Articles were excluded if: (1) they were review articles (no primary data); (2) no full text was available; (3) they were editorial letter/commentaries; (4) they were non-research letters; (5) they were case reports or case series; (6) included patients with acute pain or pain induced from cold-pressors; (7) were conference abstracts; (8) were articles without quantitative measurement of pain and analgesic effects; or (9) were studies including an insufficient number of participants (this was established to be five patients).

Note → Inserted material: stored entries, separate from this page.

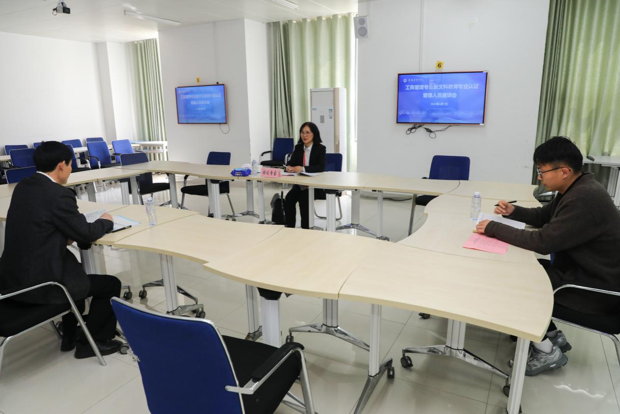 李升和对各位专家的到来表示热烈欢迎,介绍了学校的基本情况以及工商管理专业建设成效。陈业新介绍了专家组成员和此次新文科教育专业认证的目的、意义、考查的形式和工作重点。工商管理专业负责人程业炳汇报了专业基本情况和专业特色与优势。专家组结合认证标准就自评报告有关问题进行了现场提问,相关职能部门和学院负责人及专业负责人就专家组的提问进行了解答。
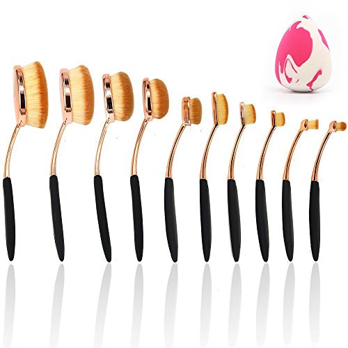 Gorgeous ROSE GOLD brush with the latest fashionable TOOTHBRUSH design and 1 beauty blender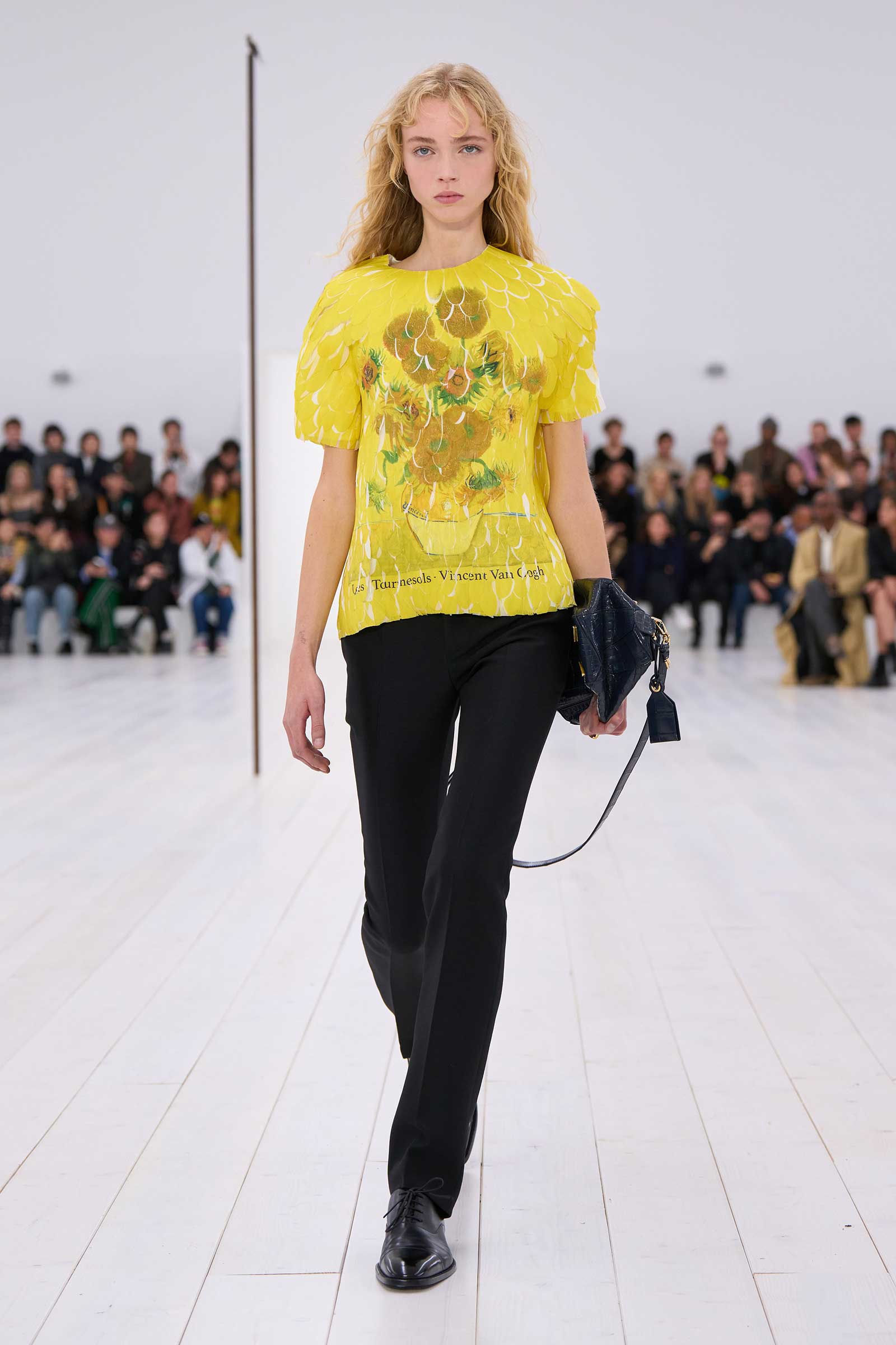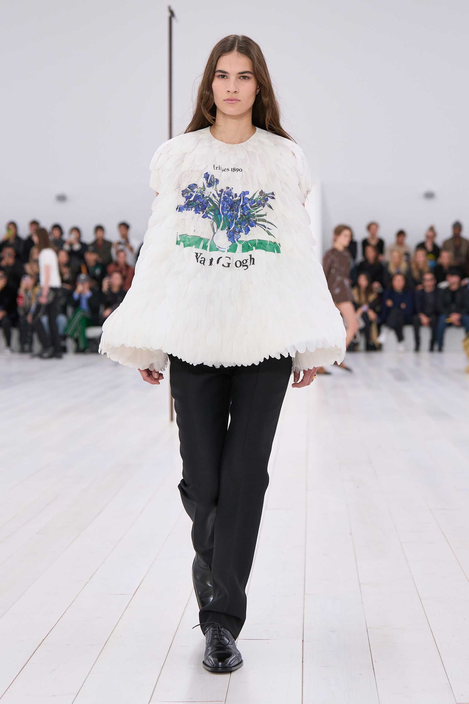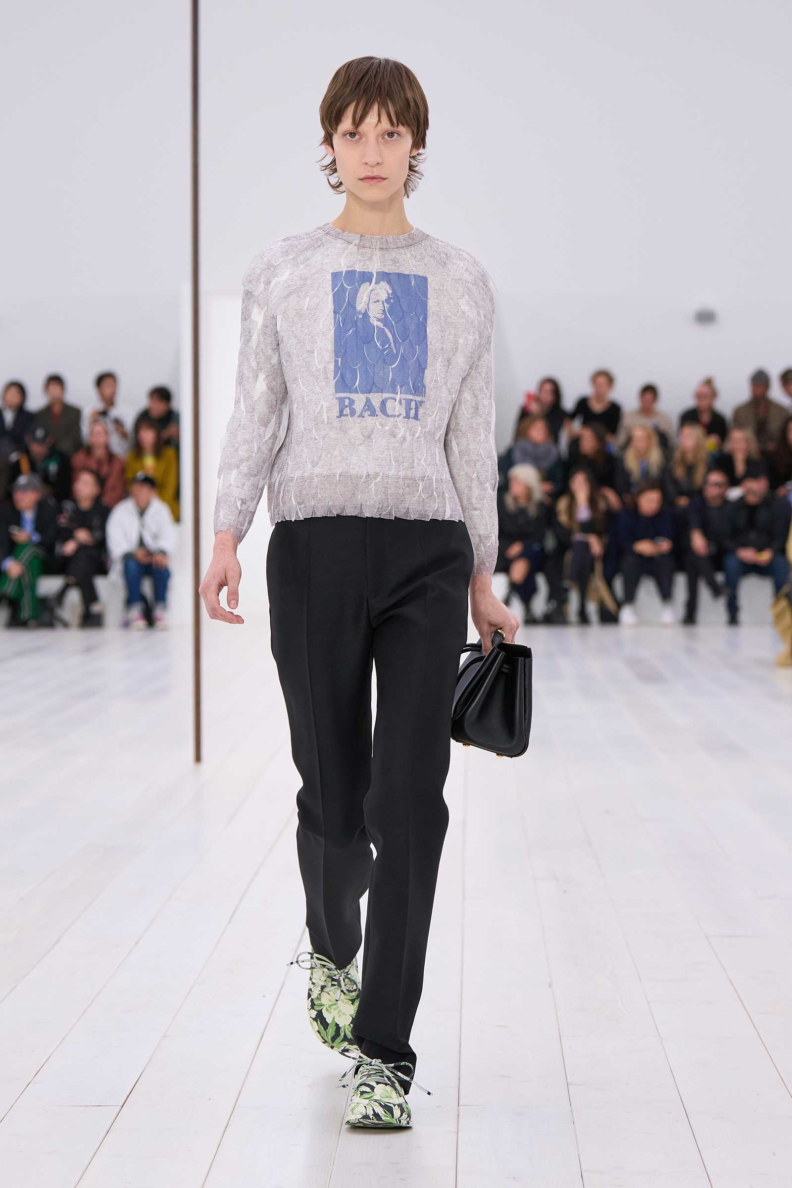So there we were, seated in a stripped-back arena of benches in a white box, from which to spectate upon nothing but his clothes. Out came a visual deluge of high skills and crisp editing. Mind-bending references to classical composers and painters on T-shirts—made, scarcely believably, in feathers—pictured Mozart, Chopin, Bach, Van Gogh’s Sunflowers, and a Manet soldier boy. “I like this idea that they’re kind of like pinup rock stars,” Anderson said. “Like when you go to a museum or you go to a concert: experiential things that you want to take a memento of with you. The idea that music reminds us of moments in our lives.”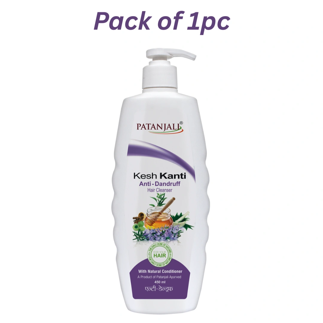 Eliminate dandruff and soothe an itchy scalp with Patanjali Kesh Kanti Anti-Dandruff Hair Cleanser, now available at Nirogya Nepal. This powerful Ayurvedic shampoo is formulated with a potent blend of herbal extracts and essential oils specifically chosen for their antifungal and antibacterial properties. Enriched with Rosemary Oil, Tea Tree Oil, Neem, and Nilgiri (Eucalyptus), it targets the root cause of dandruff without stripping away the hair's natural moisture. The generous 450ml family pack ensures long-lasting protection, leaving your hair clean, flake-free, and naturally healthy.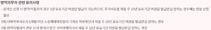 남자분들 중 병역 미필자의 경우, 5년 유효기간 여권만 발급이 가능합니다. 10년 유효기간 여권을 발급받으시려면 추가서류를 제출하고 방문 신청해야 한다고 합니다.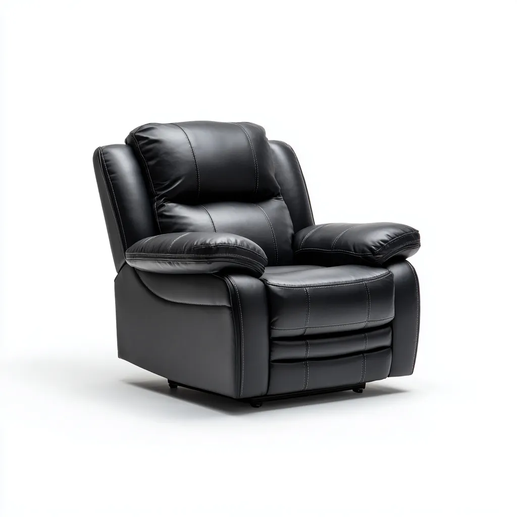 Ce fauteuil relax en cuir noir offre une assise généreuse et enveloppante, pensée pour les moments de détente au salon. Son design sobre et moderne s'intègre facilement dans différents styles d'intérieur.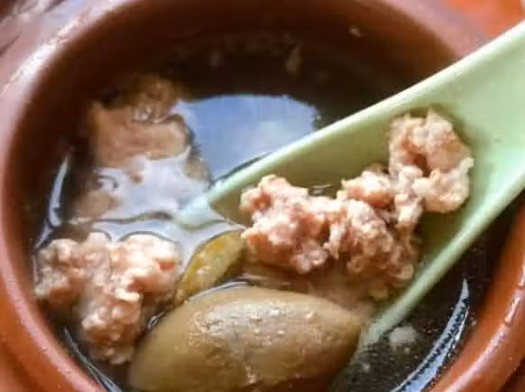 3.將青橄欖和瘦肉泥放入燉鍋中,隔水燉2個小時左右即可。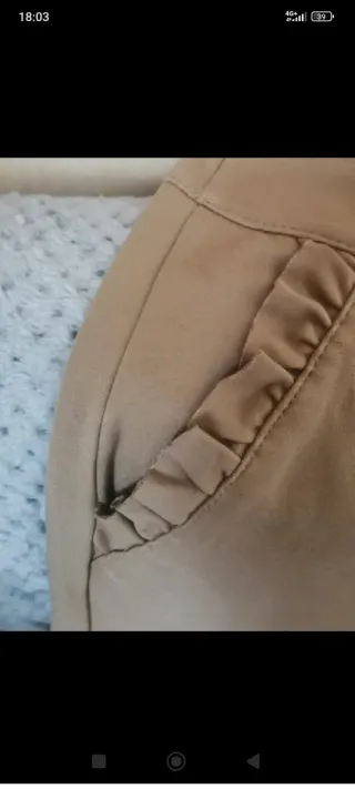 Pantalón elástico de color beige. - Diseño con volantes en los bolsillos. - Cierre de botón y cremallera. Tengo otro igual en fucsia. Los dos x 15€, y ambos sin estrenar.

2.4. Study Selection, Data Extraction and Quality Assessment

Each identified article was evaluated individually to eliminate duplicates that did not meet the study criteria. A full-text review was completed if the abstract of relevant articles could not demonstrate specific results. Full texts were evaluated based on study exclusion and inclusion criteria. Data extraction was performed after full-text analysis was added to a data-collection form using Microsoft word. The study author extracted article details, such as study design, the sample size in intervention and control group, mean age, pain type, VR environments, pain location treatment condition, pain assessment method, and a summary of each article. The Newcastle–Ottawa Scale (NOS) was used to measure the bias of the study [41]. Only articles with NOS greater than 5 were included. The possible risk for publication bias was visualized using funnel plots. Figures referring to the analyses of the main study outcome (VAS results) are presented in the article. The plots do not show significant asymmetry. However, as the sample of the included articles was rather small, it is not possible to clearly assess the possibility of publication bias from the plots [42].

2.5. Outcome Measure

Assessment of the primary outcome included the visual analogue scale (VAS). Reported data for VAS were chosen post hoc as the primary outcome as the VAS scale is widely used in the literature and was the most commonly employed method in the articles included in the present review study. The secondary outcomes included the Tampa Scale for kinesiophobia (TSK), present pain intensity (PPI), Oswestry dysfunction index (ODI), and the neck disability index (NDI).
VAS measures pain intensity and patients rate pain intensity from 0–100 mm. The low score, i.e., (VAS: 0 mm), indicates no pain, and the high score (VAS: 100 mm) indicates severe pain. VAS’s minimal clinical important change (MCIC) shows a significant pain change if it varies by 25 mm. The VAS score was changed to 0–100 mm if VAS was measured at a different scale [43]. VAS and TSK have good validity and reliability in CLBP patients.
TSK is a subjective assessment of fear of re-injury and movement due to physical activity, measured using a 17-question inventory with answer possibilities ranging from 0–68. An high TSK score reflecting an high kinesiophobia [44].
The Oswestry Disability Index (ODI) and the Neck Disability Index (NDI) are questionnaires used to measure the permanent disability functions of patients for back and neck [45]. ODI consist of a 10-items for a total score from 0 to 100. No disability is represented by a score of 0–20, and a high level of disability is represented by a score of 80–100 [45]. NDI is measured using ten questions, where each one of the questions is answered on a 0–5 scale. The overall NDI questionnaire score range from a minimum of 0 to a maximum of 50. A low score represents a low neck disability while an a high score represents a high neck disability [46].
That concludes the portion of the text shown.